-- Source data follows --

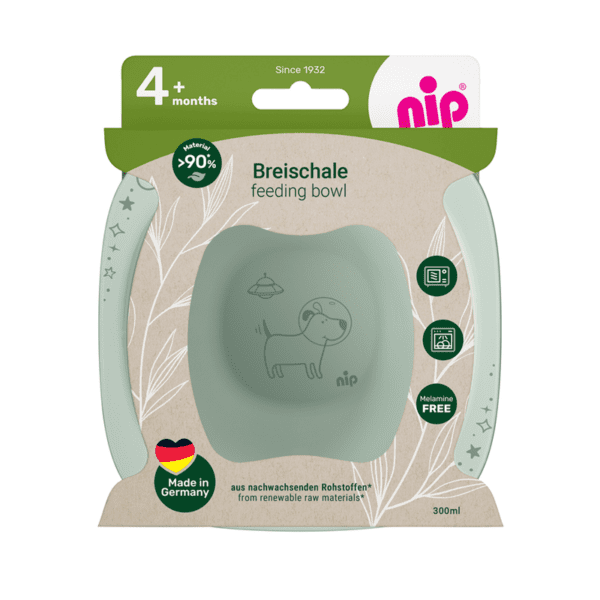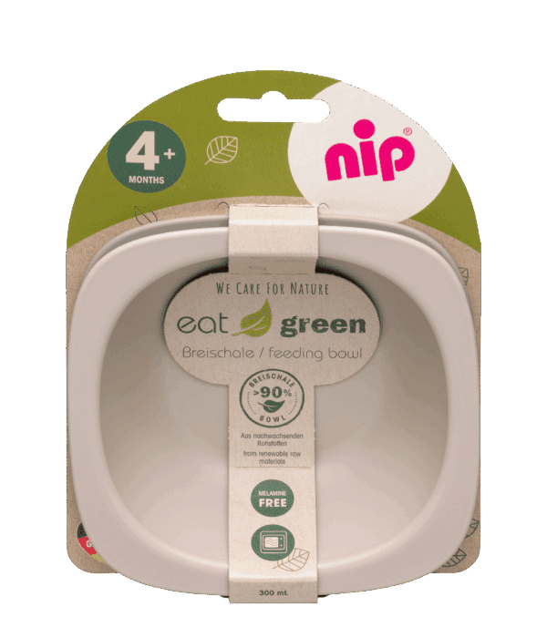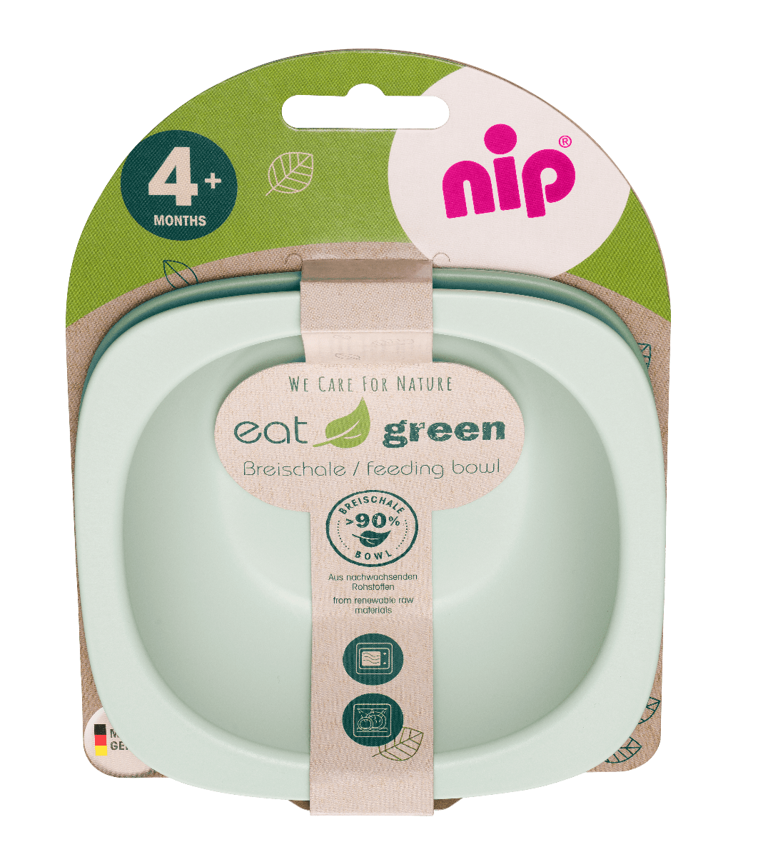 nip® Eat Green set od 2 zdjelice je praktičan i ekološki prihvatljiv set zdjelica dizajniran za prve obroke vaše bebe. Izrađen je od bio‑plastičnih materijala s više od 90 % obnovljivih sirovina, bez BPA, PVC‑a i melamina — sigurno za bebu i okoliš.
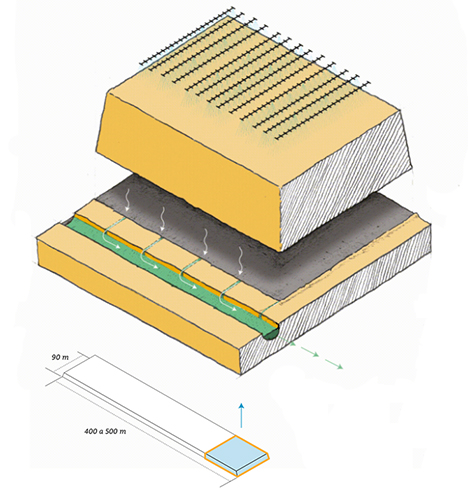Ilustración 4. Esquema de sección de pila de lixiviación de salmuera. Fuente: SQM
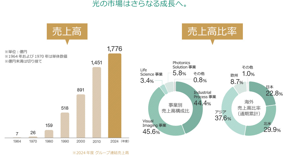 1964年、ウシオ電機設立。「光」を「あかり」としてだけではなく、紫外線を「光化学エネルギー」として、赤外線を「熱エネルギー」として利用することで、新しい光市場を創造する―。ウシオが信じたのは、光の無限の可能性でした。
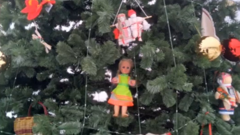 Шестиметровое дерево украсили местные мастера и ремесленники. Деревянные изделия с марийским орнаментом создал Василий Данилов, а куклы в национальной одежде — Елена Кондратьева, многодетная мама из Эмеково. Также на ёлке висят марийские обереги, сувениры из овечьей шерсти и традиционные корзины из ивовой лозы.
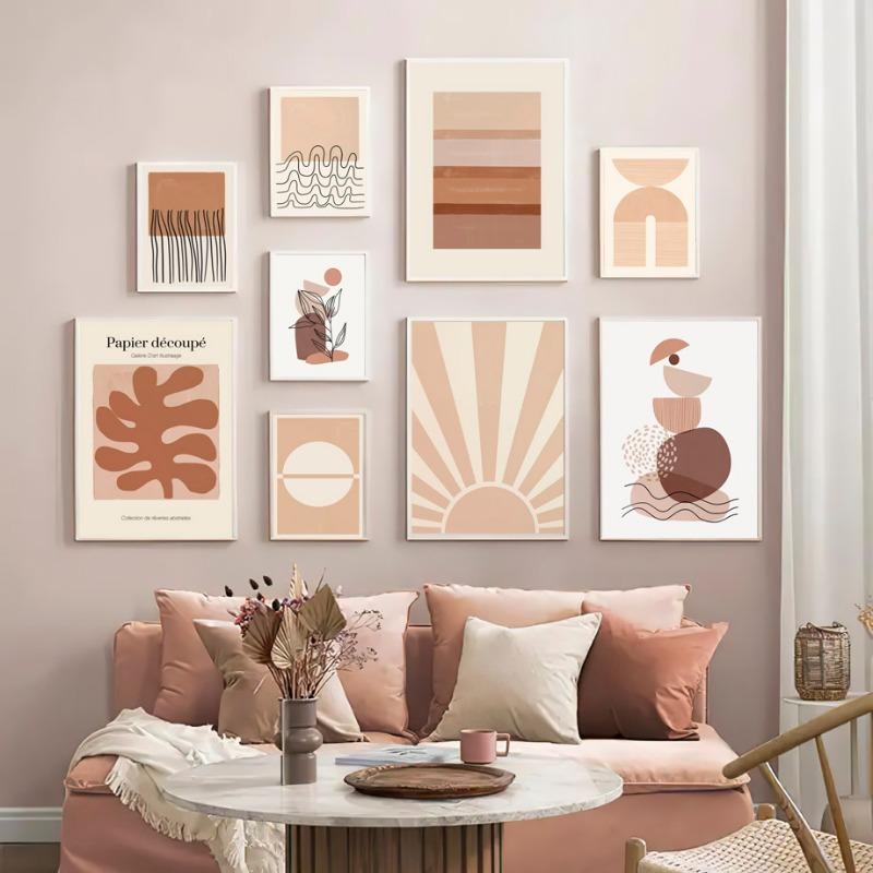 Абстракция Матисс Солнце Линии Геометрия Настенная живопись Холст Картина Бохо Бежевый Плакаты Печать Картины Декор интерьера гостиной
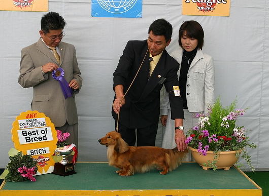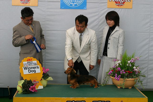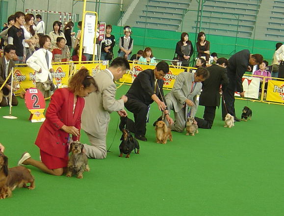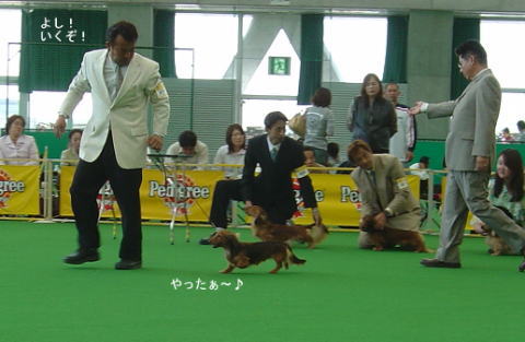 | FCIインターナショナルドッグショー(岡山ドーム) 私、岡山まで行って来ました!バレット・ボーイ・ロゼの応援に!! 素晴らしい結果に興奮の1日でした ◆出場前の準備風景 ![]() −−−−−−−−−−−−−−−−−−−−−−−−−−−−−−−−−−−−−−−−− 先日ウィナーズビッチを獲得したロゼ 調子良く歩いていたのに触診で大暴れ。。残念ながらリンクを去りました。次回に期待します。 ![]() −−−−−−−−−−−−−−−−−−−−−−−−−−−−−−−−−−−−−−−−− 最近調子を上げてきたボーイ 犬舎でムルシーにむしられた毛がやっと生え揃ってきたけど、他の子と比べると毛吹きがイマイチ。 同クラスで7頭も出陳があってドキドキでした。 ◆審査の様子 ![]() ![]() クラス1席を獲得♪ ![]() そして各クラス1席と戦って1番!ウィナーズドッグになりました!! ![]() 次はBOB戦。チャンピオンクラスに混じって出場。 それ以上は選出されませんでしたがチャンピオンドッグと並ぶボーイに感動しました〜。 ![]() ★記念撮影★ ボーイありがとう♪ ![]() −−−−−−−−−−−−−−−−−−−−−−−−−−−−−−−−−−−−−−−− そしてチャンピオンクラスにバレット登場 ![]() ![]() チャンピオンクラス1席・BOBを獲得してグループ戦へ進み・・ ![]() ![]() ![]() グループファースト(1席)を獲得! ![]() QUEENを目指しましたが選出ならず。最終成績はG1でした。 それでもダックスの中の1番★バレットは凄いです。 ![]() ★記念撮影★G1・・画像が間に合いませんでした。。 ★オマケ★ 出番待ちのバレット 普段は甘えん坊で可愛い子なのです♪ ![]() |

-- Source data concluded --

## What you are asked to do
In the entries above, find the line with "Ilustración 4. Esquema" and the line with "Абстракция Матисс Солнце". Return exactly those lines and all the ones between them, pictures excluded.

## Result
Ilustración 4. Esquema de sección de pila de lixiviación de salmuera. Fuente: SQM
 1964年、ウシオ電機設立。「光」を「あかり」としてだけではなく、紫外線を「光化学エネルギー」として、赤外線を「熱エネルギー」として利用することで、新しい光市場を創造する―。ウシオが信じたのは、光の無限の可能性でした。
 Шестиметровое дерево украсили местные мастера и ремесленники. Деревянные изделия с марийским орнаментом создал Василий Данилов, а куклы в национальной одежде — Елена Кондратьева, многодетная мама из Эмеково. Также на ёлке висят марийские обереги, сувениры из овечьей шерсти и традиционные корзины из ивовой лозы.
 Абстракция Матисс Солнце Линии Геометрия Настенная живопись Холст Картина Бохо Бежевый Плакаты Печать Картины Декор интерьера гостиной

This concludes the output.